=== MATERIALS PROVIDED ===

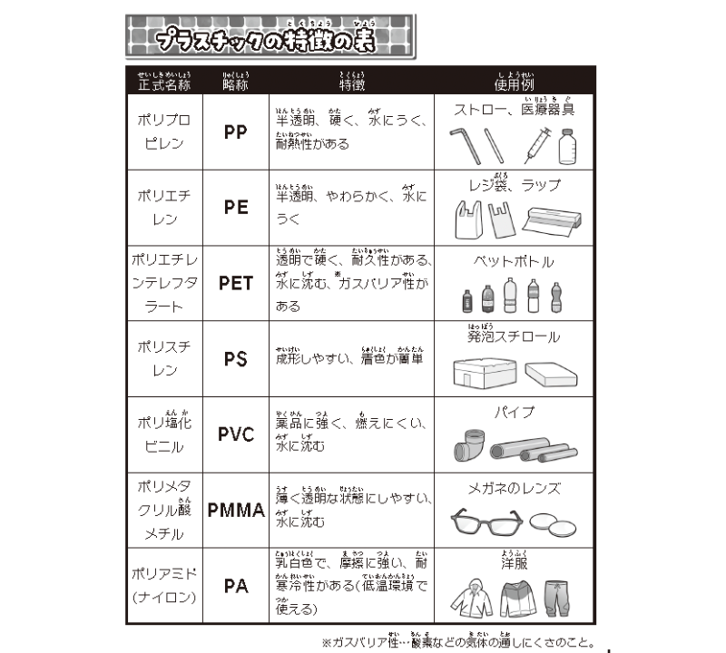 みんなのまわりで使われているプラスチック製品はどんなものがあったかな?実はプラスチックには色々な種類があって、それぞれいろんな特徴があるんだ。身の回りにあるプラスチック製品には、どんなプラスチックが使われているのか表を見ながら調べてみよう。また、表に載っているもの以外でプラスチック製品がないか、それはどんな特徴をいかしてつくられているか、調べて考えてみよう。
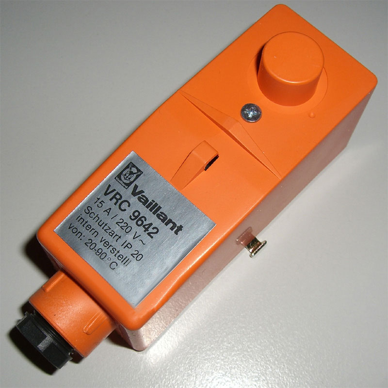 VRC 9642 накладной термостат, контактный с переключающим контактом. Крепление на трубе при помощи пружинного хомутика. Диапазон установки - +10° - +90°. Постоянная зона нечувствительности - 5 К. Мощность на контактах - 230 В, 15 А.
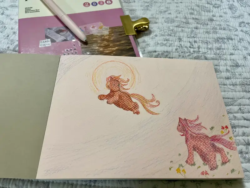 전에 맞이했던 말의 해에도 앞장에 볼펜으로 이런 그림을 그렸던 게 기억나서요! 그때는 아마 백마의 해라 유니콘을 그렸던 것 같은데, 올해는 적마라고 하니 태양을 향해 날아오르는 말 친구들을 그렸습니다 :)
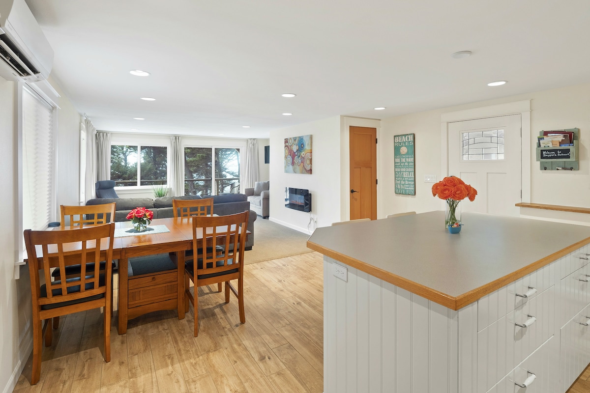 ¡Magnífica vista! Esta casa LIMPIA y contemporánea es una acogedora cabaña de 2 dormitorios y 1 baño y medio, con chimenea de gas y vistas a Three Arch Rocks, una reserva nacional. Construida de nuevo desde los cimientos en 2010 por un maestro carpintero, esta casa de campo llena de luz tiene suelos de arce, techos de madera recuperada, encimeras de granito, una chimenea de gas esmaltada, 3 terrazas privadas, una cocina completa, baño con suelo de baldosas con calefacción, lavadora/secadora y unas vistas inmejorables. Con un garaje para 2 coches, aparcar es muy fácil.
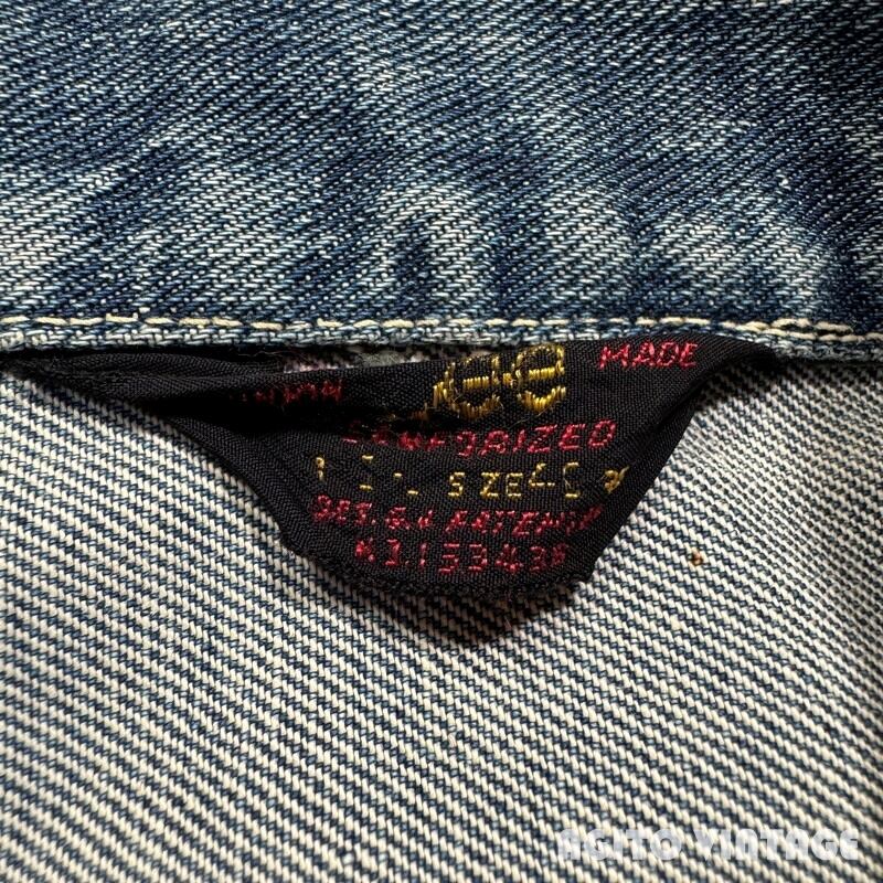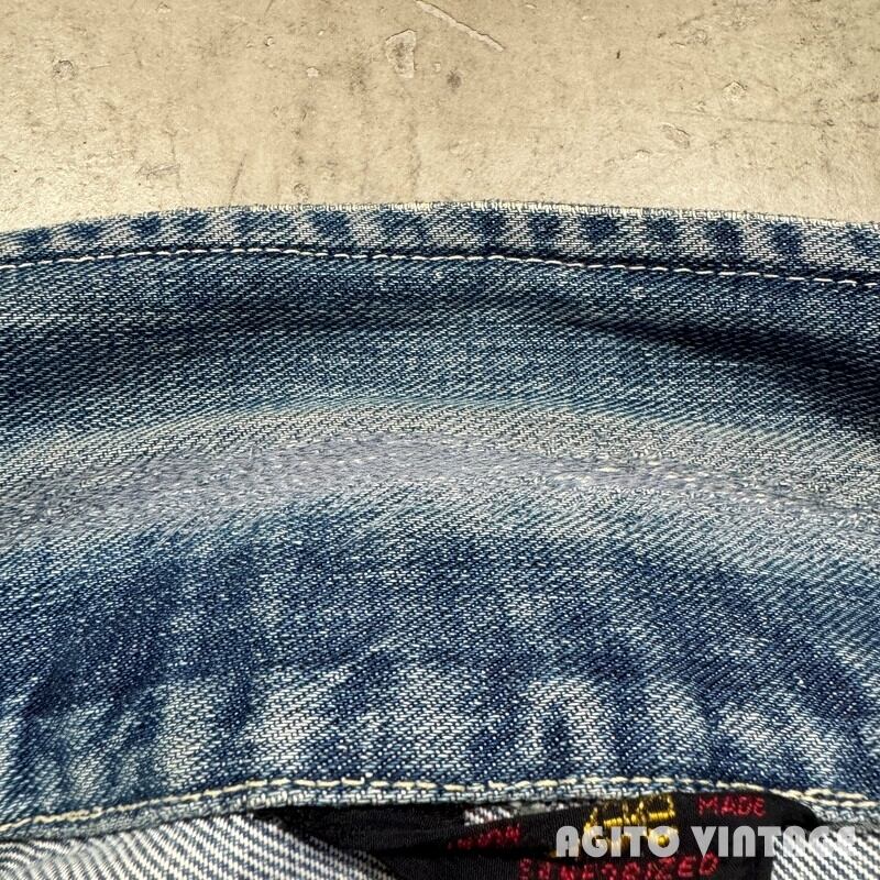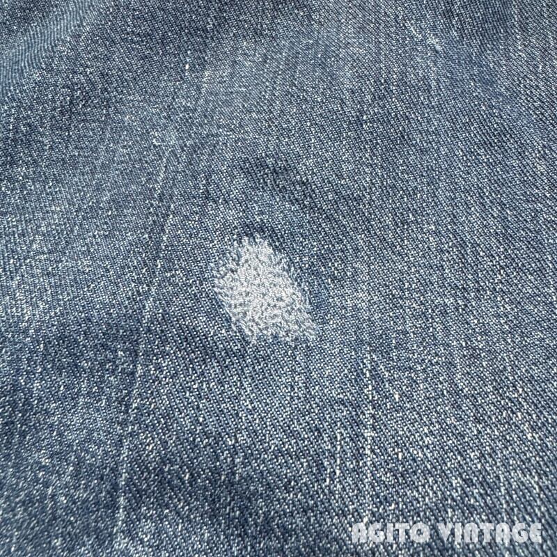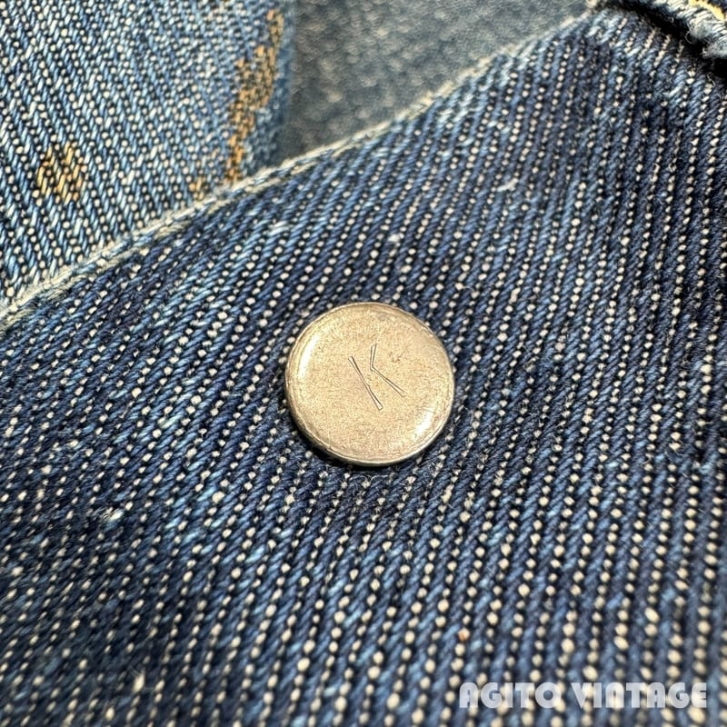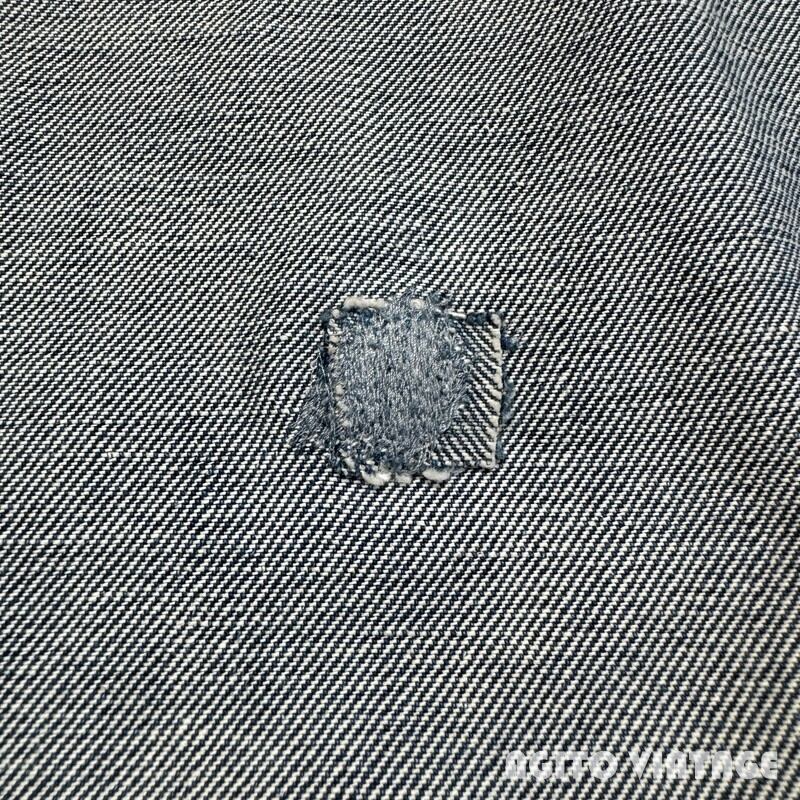 50年代後半頃のLee 101-Jデニムジャケットです。50年代後半頃に極短い期間のみ製造された、三角赤タグの付くモデルです。首タグ、ピスネーム共に®、MR表記はございません。ボタン裏はK刻印です。右ポケット内側にユニオンチケットが縫い付けられております。色残りは4~5割ほどで、Leeらしい縦落ちが見られる個体です。襟や背面中央にリペアが施されており、両袖口や裾に擦れやダメージが見られます。左袖のステッチが一部ほつけています。袖や肩などに薄汚れはございます。表記は40 REGですので、標準体型の方ですと良いサイズ感で着用していただけるのではないでしょうか。状態は多少考慮はしておりますが、リーバイスの2ndモデルと同等の時代と考えるとまだまだ手に取って頂きやすい価格帯だと思います。お探しだった方は是非この機会にいかがでしょうか。

===

● **ABOUT THIS TASK**
With the images left out, set down every entry exactly.

● **WRITTEN ANSWER**
 みんなのまわりで使われているプラスチック製品はどんなものがあったかな?実はプラスチックには色々な種類があって、それぞれいろんな特徴があるんだ。身の回りにあるプラスチック製品には、どんなプラスチックが使われているのか表を見ながら調べてみよう。また、表に載っているもの以外でプラスチック製品がないか、それはどんな特徴をいかしてつくられているか、調べて考えてみよう。
 VRC 9642 накладной термостат, контактный с переключающим контактом. Крепление на трубе при помощи пружинного хомутика. Диапазон установки - +10° - +90°. Постоянная зона нечувствительности - 5 К. Мощность на контактах - 230 В, 15 А.
 전에 맞이했던 말의 해에도 앞장에 볼펜으로 이런 그림을 그렸던 게 기억나서요! 그때는 아마 백마의 해라 유니콘을 그렸던 것 같은데, 올해는 적마라고 하니 태양을 향해 날아오르는 말 친구들을 그렸습니다 :)
 ¡Magnífica vista! Esta casa LIMPIA y contemporánea es una acogedora cabaña de 2 dormitorios y 1 baño y medio, con chimenea de gas y vistas a Three Arch Rocks, una reserva nacional. Construida de nuevo desde los cimientos en 2010 por un maestro carpintero, esta casa de campo llena de luz tiene suelos de arce, techos de madera recuperada, encimeras de granito, una chimenea de gas esmaltada, 3 terrazas privadas, una cocina completa, baño con suelo de baldosas con calefacción, lavadora/secadora y unas vistas inmejorables. Con un garaje para 2 coches, aparcar es muy fácil.
 50年代後半頃のLee 101-Jデニムジャケットです。50年代後半頃に極短い期間のみ製造された、三角赤タグの付くモデルです。首タグ、ピスネーム共に®、MR表記はございません。ボタン裏はK刻印です。右ポケット内側にユニオンチケットが縫い付けられております。色残りは4~5割ほどで、Leeらしい縦落ちが見られる個体です。襟や背面中央にリペアが施されており、両袖口や裾に擦れやダメージが見られます。左袖のステッチが一部ほつけています。袖や肩などに薄汚れはございます。表記は40 REGですので、標準体型の方ですと良いサイズ感で着用していただけるのではないでしょうか。状態は多少考慮はしておりますが、リーバイスの2ndモデルと同等の時代と考えるとまだまだ手に取って頂きやすい価格帯だと思います。お探しだった方は是非この機会にいかがでしょうか。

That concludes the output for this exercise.